My people, my people, my people.
But she was not alone, in her superficial concern about the water, and the march. The number of folks I saw casually strolling off to lunch offsite, or swapping business cards with no intention of heading 100 feet down the street to join the marchers, immediately after the 11:00 AM panels wrapped up was too many to count. Too many who simply didn't care.
The overwhelming majority, if I go by Netroots Nation's estimates of 2,500 to 3,000 registrants and attendees.
Given this, I don't think it's unfair for me to believe that activism simply ain't what most Netroots Nation denizens appear to be about. I don't know what they ARE about, but if I go by appearances it seems that if there ain't a politician, self-promotion, or a potential high profile appearance/internship/job somewhere in the mix, they aren't about much at all.

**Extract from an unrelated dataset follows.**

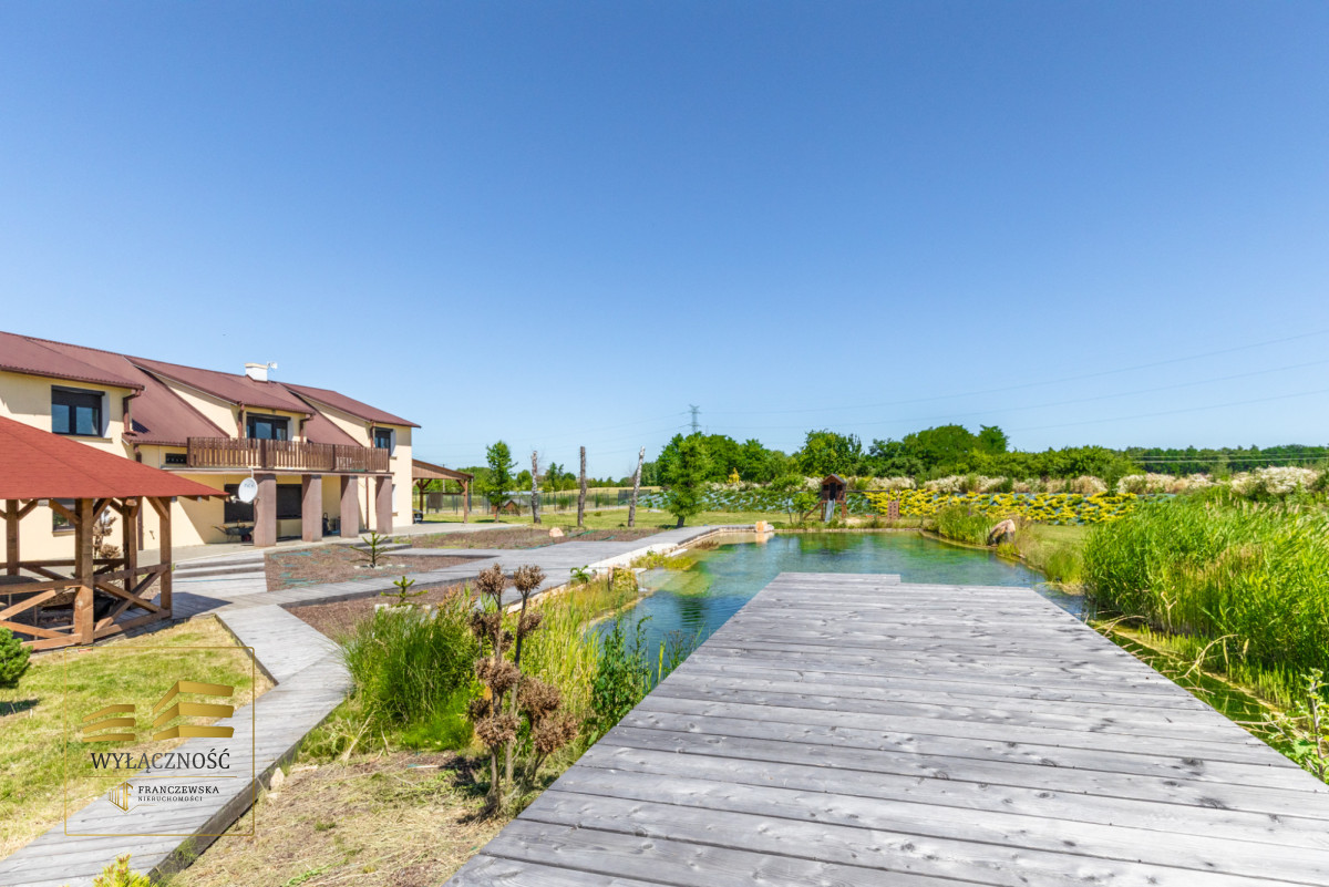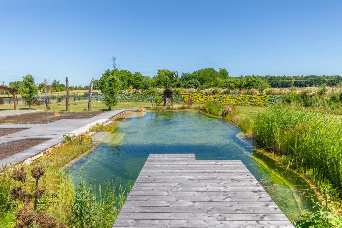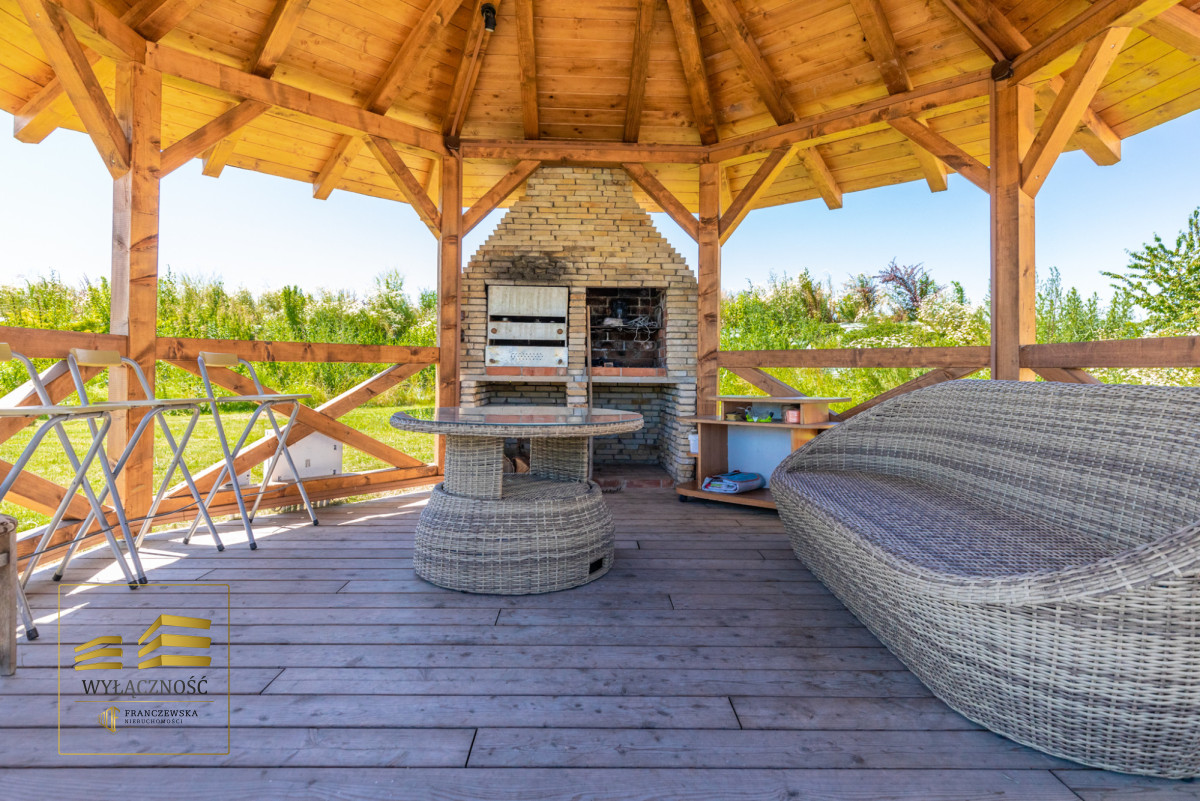 Teren ogrodzony, brama sterowana zdalnie, zagospodarowany ogród z basenem, altana z grillem, taras, wiata garażowa na dwa auta.

Except for possibly the parties.
If I go by what I saw and heard as it related to Reverend Barber (and the Detroit Water March and Rally) most Netroots Nation attendees today are far, far more interested in being the Professional Left, than actually being Leftists showing their support through presence and salute to others doing yeoman's work through direct action.

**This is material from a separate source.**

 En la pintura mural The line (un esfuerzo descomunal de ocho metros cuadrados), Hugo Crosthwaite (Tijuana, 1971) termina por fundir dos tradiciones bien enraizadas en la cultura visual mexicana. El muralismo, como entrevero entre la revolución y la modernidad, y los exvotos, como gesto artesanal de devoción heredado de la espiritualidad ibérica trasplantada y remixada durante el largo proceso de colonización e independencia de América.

That's some shady shit right there.
I cannot tell you how sad I am, realizing that the nagging feeling that Netroots Nation was morphing into a politicians' and pundits' conference I started having a couple of years ago in Providence, isn't me being unfair. It's me seeing a depressing reality develop before my very eyes. I know it is not intended, and I pray the Board of Netroots Nation makes every effort to stem the tide going forward. This platform, this gathering, has SO much potential and SO much value. But only if it draws, ultimately, the folks who are truly going to work to create social change in our country, through their work in local communities. Not just blog about it.
Now THAT would be Netroots Nation Sexy.